Interest Rates And The Stock Market: Explain It Like I’m 5
Knowing Interest Rates for investing is key. we will break down the relationship in this post
“If you can't explain it to a six year old, you don't understand it yourself.”
-Albert Einstein
When interest rates go up, this puts pressure on stock prices to go down, and visa versa. Interest also tend to affect some types of stocks more than others (i.e. when interest rates go up, some types of stocks will go down more than others, and visa versa).
Now let’s talk about why this is with a (we hope) simple analogy.
The Simple Explanation
Let’s say you have two amazing daughters, one is five and the other is 17. You and your husband each drive them to soccer practice every day in the afternoons after school (in different locations).

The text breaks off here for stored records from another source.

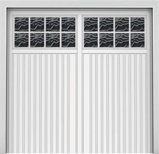 Horizontal or vertical window cut-outs can be installed in ribbed garage doors, though this is dependent on the type of door. For raised-panel garage doors, you’ll only be able to choose vertical window cut-outs. Please note that all windows are available with either transparent or crystal 3mm acrylic double glazing.
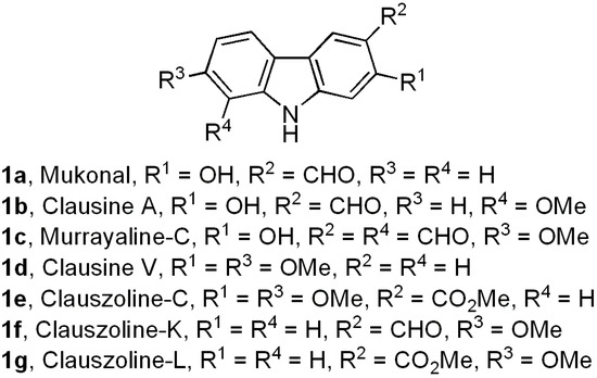 Biologically active carbazole alkaloids, a family of natural products with a variety of molecular structures, are isolated from higher order plants of the genera Clausena, Glycosmis, Micromelum, and Murraya (Rutaceae), among other sources [1,2,3,4,5]. Specifically, a great number of 2-, 5-, 6-, 7-mono- and bis-oxygenated tricyclic carbazoles isolated from these genera [1,2,3] exhibit a broad range of significant biological activities, including compounds with anti-tumor [6,7], antiplatelet aggregative [8], antibiotic [6,9,10], anti-viral [11,12,13], anti-plasmodial [14], anti-convulsant [15], and sigma receptor antagonist [16,17] properties. Carbazole derivatives 1a–g are examples of these natural alkaloids [8,18,19,20,21,22,23] (Figure 1).
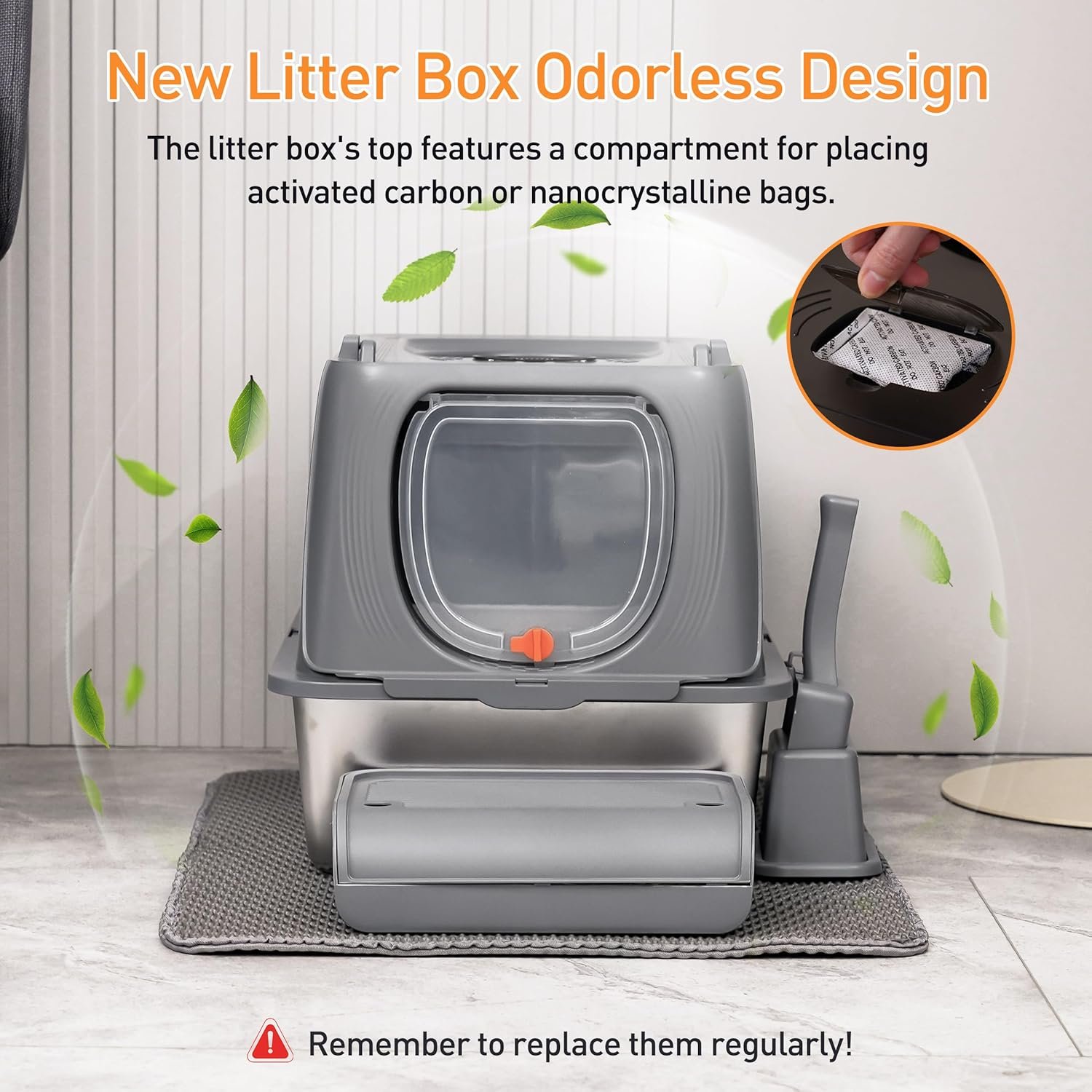 Advanced Odor Control & Air Purifier Compatibility: Our stainless steel construction naturally resists odor retention, and the litter box is designed to accommodate nanocrystalline or activated carbon bags (sold separately) for an additional layer of freshness and air purification.

Your 5 year old recently started but your think she could be really talented one day (she is already showing some serious skills). Her older sister is already established and close to potentially getting that college scholarship.
In this scenario, think of each of them (just their soccer ability, of course) as two stocks you have invested in for the future in the hopes that they may earn a college scholarship one day.
Regarding their soccer potential, your eldest daughter would be your more “mature stock” as you have a better idea of her ability (since she is older and already close to a scholarship). Your 5 year old would be your “growth stock” as her future potential is much less certain at this point (but as noted she is showing some serious early skills and potential).
Now lets say that gas prices suddenly spike higher. In this scenario, you can think of gas prices as interest rates.
If gas prices suddenly spike higher, it will put downward pressure on your family’s ability to drive both of them to practice everyday after school as it will be much more expensive. The reverse is also true if gas prices were to move a lot lower quickly.
That is exactly how interest rates work in their relationship to stocks.
Now lets take it a step further and talk about why some stocks are typically affected more than other stocks on this move higher in rates.
Tech stocks (a.k.a growth stocks) typically have a lot of future potential (think artificial intelligence), but a much less certain future picture today. More mature stocks (think Coca Cola), have a much more certain picture today but don’t have the growth profile that a tech stock does.
To illustrate this point further on future potential, we can bet that in 10 years you are more certain that Coca Cola will still be selling soda vs. your certainty level of what an artificial intelligence company will be doing in 10 years (???). When it comes to growth, we would also bet you might agree that the artificial intelligence industry will likely be growing faster and developed faster over the next 10 years than the soda industry.
As we noted above, when it comes to your family, your five year old’s soccer ability is your tech stock and your 17 year old’s ability is your Coca Cola stock as these same characteristics would apply to their respective soccer abilities.
When gas prices go a lot higher higher, since your five year old’s soccer future is much less certain (your 17 year old is much closer to getting that college scholarship), we would bet that if you are forced to choose, you would continue to “invest” in your 17 year old by driving her to practice and maybe let your 5 year old wait until next year.
And that is exactly how interest rates work on different types of stocks. When they go much higher, this creates uncertainty around the future leading more people to typically stick with what they know now and are more confident in right now (i.e. Coca Cola or your 17 year old’s soccer ability) over what has a lot of potential for the future (i.e. artificial intelligence or your 5 year old’s soccer ability).